> **Dataset extract**:
□ □ □

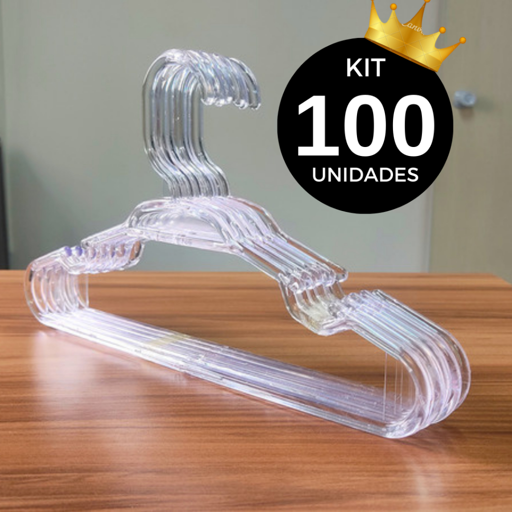 Kit Cabides Infantil de Acrílico Transparente com 100 Unidades Cabide Infantil Bebê Plástico 5,5mm
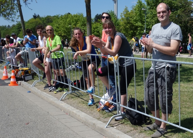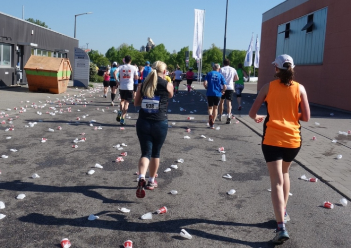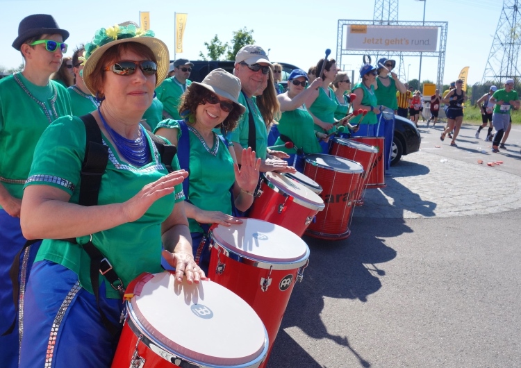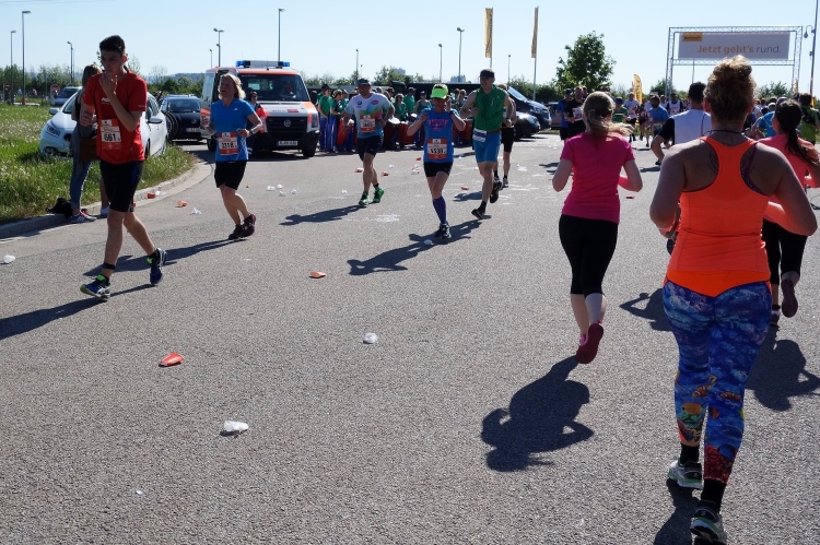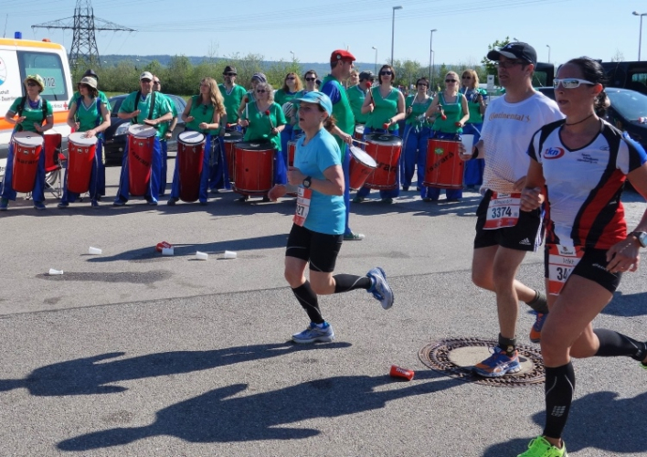 Als Kilometerschilder dienen hier modifizierte Sicherheitsbaken. Auch ganz nett. Am Beginn der Continental-Schleife sehe ich Judith. 12 Minuten liegt sie vor mir. Die große Trommelgruppe Sarara steht jetzt direkt bei der Verpflegungsstelle. Aber bis dahin sind es ja noch 1,3 Kilometer. Dann endlich Getränke. Was gäbe ich jetzt für Eisgekühltes. Aber warmes Iso und Bananen sind ja auch nicht zu verachten. Mir kann man es einfach nicht recht machen: Vor zwei Wochen in Zürich war mir alles zu kalt.
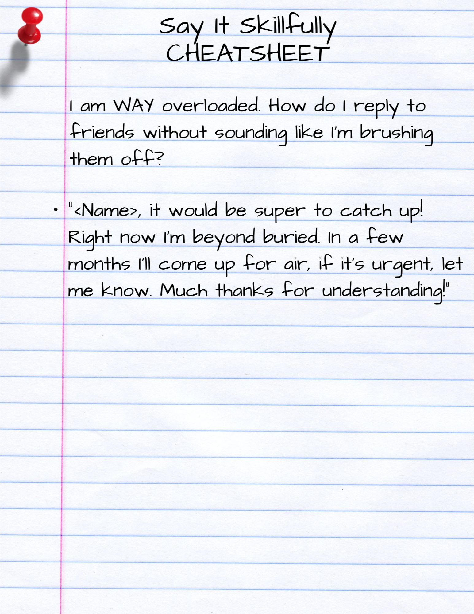 This week helps you with politely letting a friend know you're overloaded and have no time at the moment. |
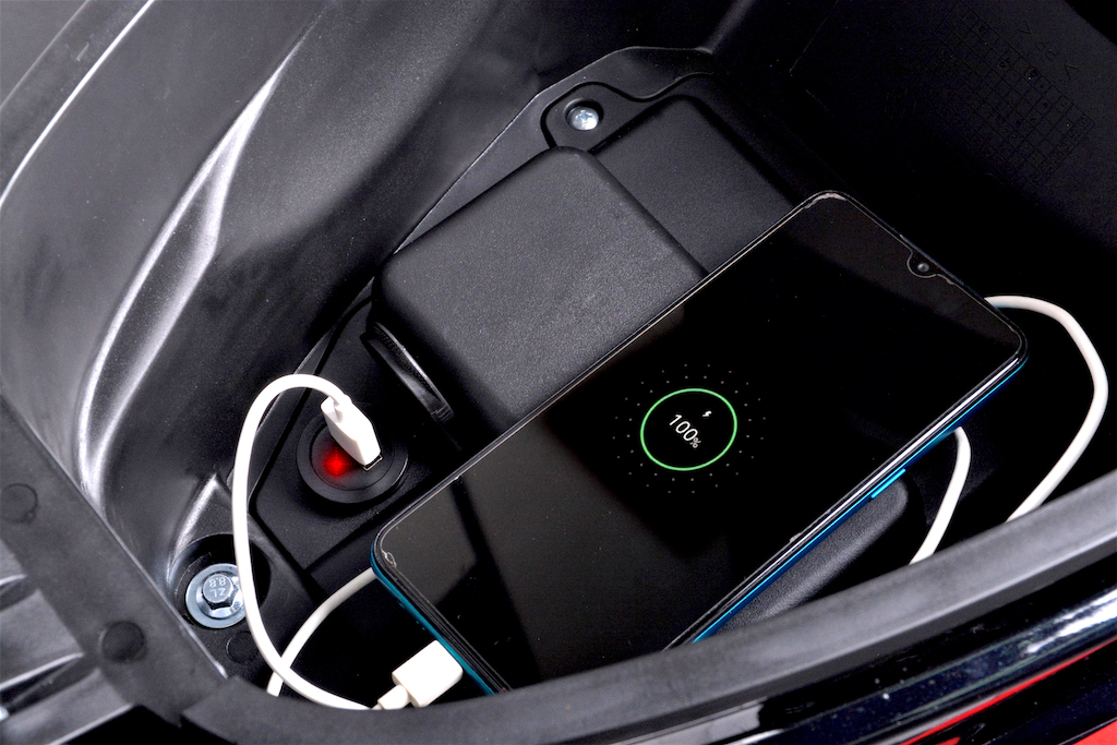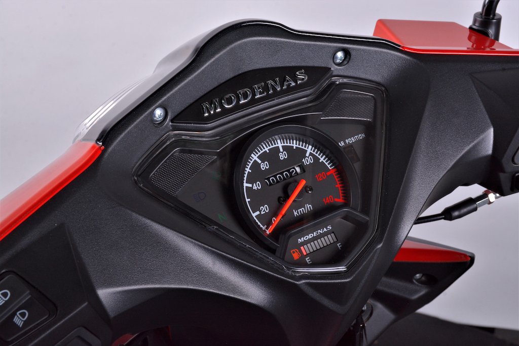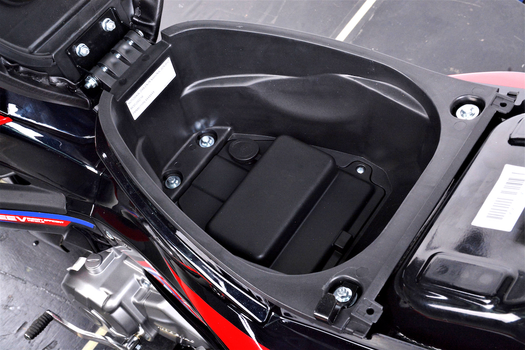 - Dilengkapi bar minyak dan indikator gear digital, soket pengecas USB dan ruang simpan bawah pelana berkapasiti 6.6 liter.

□ □ □

> **Problem to work on**: From the line holding "Als Kilometerschilder dienen" to the last line of the listing, please output each line exactly as it stands. Pictures stay out of the copy.

> **Expected answer**:
 Als Kilometerschilder dienen hier modifizierte Sicherheitsbaken. Auch ganz nett. Am Beginn der Continental-Schleife sehe ich Judith. 12 Minuten liegt sie vor mir. Die große Trommelgruppe Sarara steht jetzt direkt bei der Verpflegungsstelle. Aber bis dahin sind es ja noch 1,3 Kilometer. Dann endlich Getränke. Was gäbe ich jetzt für Eisgekühltes. Aber warmes Iso und Bananen sind ja auch nicht zu verachten. Mir kann man es einfach nicht recht machen: Vor zwei Wochen in Zürich war mir alles zu kalt.
 This week helps you with politely letting a friend know you're overloaded and have no time at the moment. |
 - Dilengkapi bar minyak dan indikator gear digital, soket pengecas USB dan ruang simpan bawah pelana berkapasiti 6.6 liter.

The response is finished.